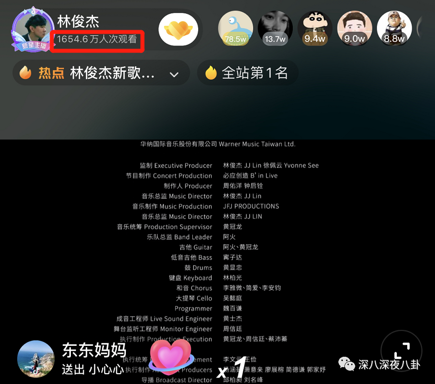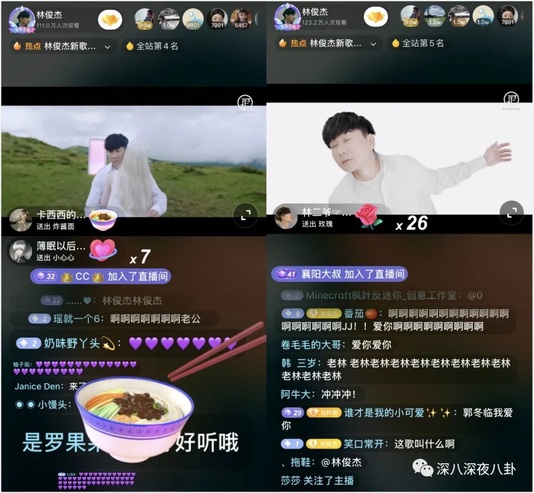 直播刚刚开始,观看人次就秒到111万,歌迷们的热情差点挤爆林俊杰的直播间,成千上万条弹幕不断弹出,送出的礼物几乎刷屏。
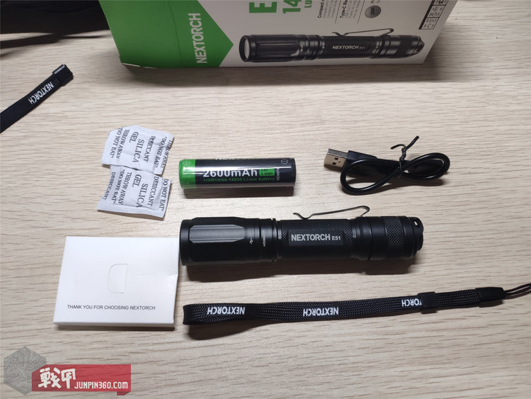 打开包装,这些就是全部了。手电本体、一个手绳、一节2600mAh电池、一根TYPE-C短线、说明书与配件包、两包硅胶干燥剂。
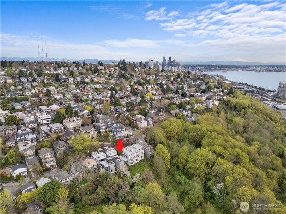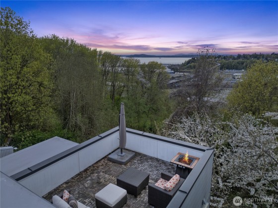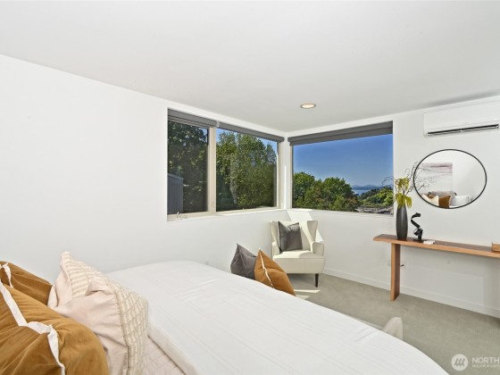 Stunning Stand Alone & SW-Facing Modern Home with Privacy Views! Built in 2017 & with abundant natural light throughout, there aren't many like this one. 4 beds, 3.5 baths & incredible 360-degree rooftop view deck. This home offers a perfect blend of chic design & comfort. Just ideal for those seeking both luxury & size. Gas fireplace in living room, vistas from the dining room, kitchen has island & Primary Suite has spa-like bath with XL shower. Enjoy breathtaking westerly views of the Bay/Sound & incredible sunsets. Custom window treatments, outdoor space, energy-efficient radiant heat, A/C & custom wood beam shelves are nice everyday touches. Minutes from SLU/downtown & close to QA coffee shops & restaurants as well.
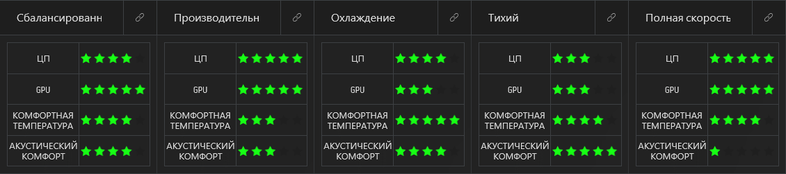 В AWCC есть подсказка о том, что дают и меняют профили питания и охлаждения. По четырем критериям расставлен рейтинг из звезд. В одном случае будет хорошо процессору и видеокарте, но плохо будет пользователю из-за низкого акустического комфорта. Если просто сложить число звезд, то распределение звезд будет таким: 17-16-16-15-15. Так что больше всего звезд получает Сбалансированный режим.
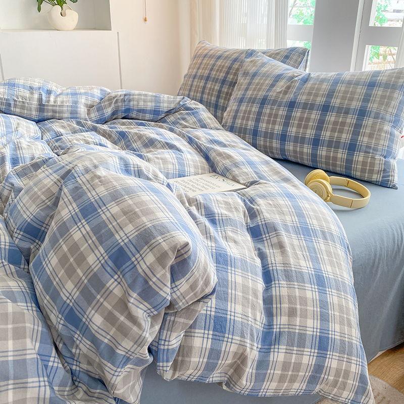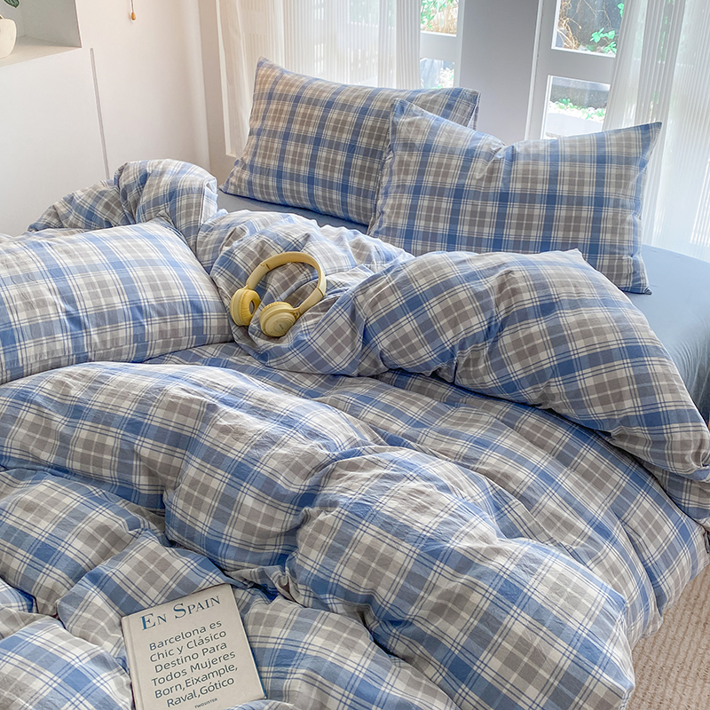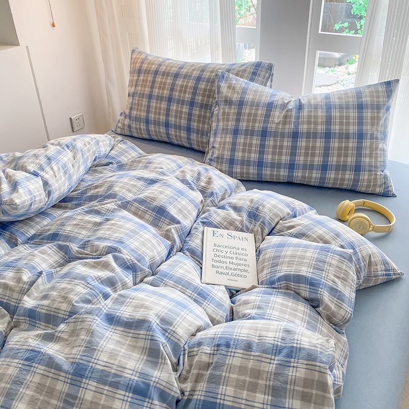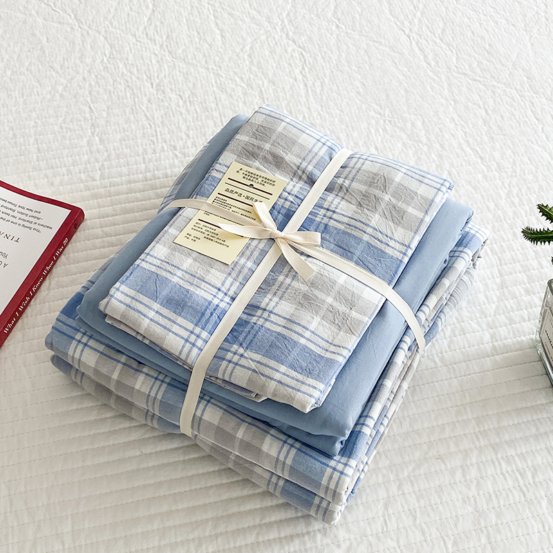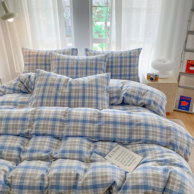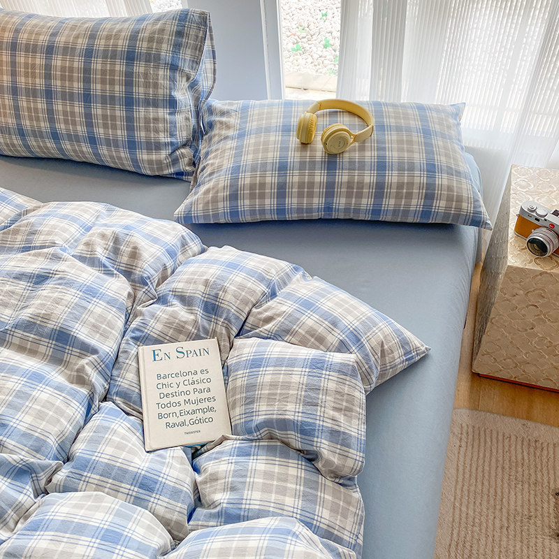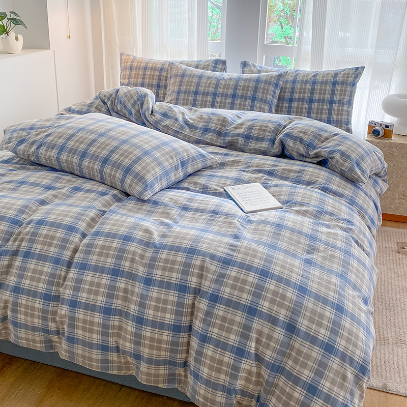 尚品本色 2024新款简约风水洗棉格子条纹系列四件套圣代-蓝

What is required: Repeat the material exactly as it reads, without any of its pictures.

Task response:
 直播刚刚开始,观看人次就秒到111万,歌迷们的热情差点挤爆林俊杰的直播间,成千上万条弹幕不断弹出,送出的礼物几乎刷屏。
 打开包装,这些就是全部了。手电本体、一个手绳、一节2600mAh电池、一根TYPE-C短线、说明书与配件包、两包硅胶干燥剂。
 Stunning Stand Alone & SW-Facing Modern Home with Privacy Views! Built in 2017 & with abundant natural light throughout, there aren't many like this one. 4 beds, 3.5 baths & incredible 360-degree rooftop view deck. This home offers a perfect blend of chic design & comfort. Just ideal for those seeking both luxury & size. Gas fireplace in living room, vistas from the dining room, kitchen has island & Primary Suite has spa-like bath with XL shower. Enjoy breathtaking westerly views of the Bay/Sound & incredible sunsets. Custom window treatments, outdoor space, energy-efficient radiant heat, A/C & custom wood beam shelves are nice everyday touches. Minutes from SLU/downtown & close to QA coffee shops & restaurants as well.
 В AWCC есть подсказка о том, что дают и меняют профили питания и охлаждения. По четырем критериям расставлен рейтинг из звезд. В одном случае будет хорошо процессору и видеокарте, но плохо будет пользователю из-за низкого акустического комфорта. Если просто сложить число звезд, то распределение звезд будет таким: 17-16-16-15-15. Так что больше всего звезд получает Сбалансированный режим.
 尚品本色 2024新款简约风水洗棉格子条纹系列四件套圣代-蓝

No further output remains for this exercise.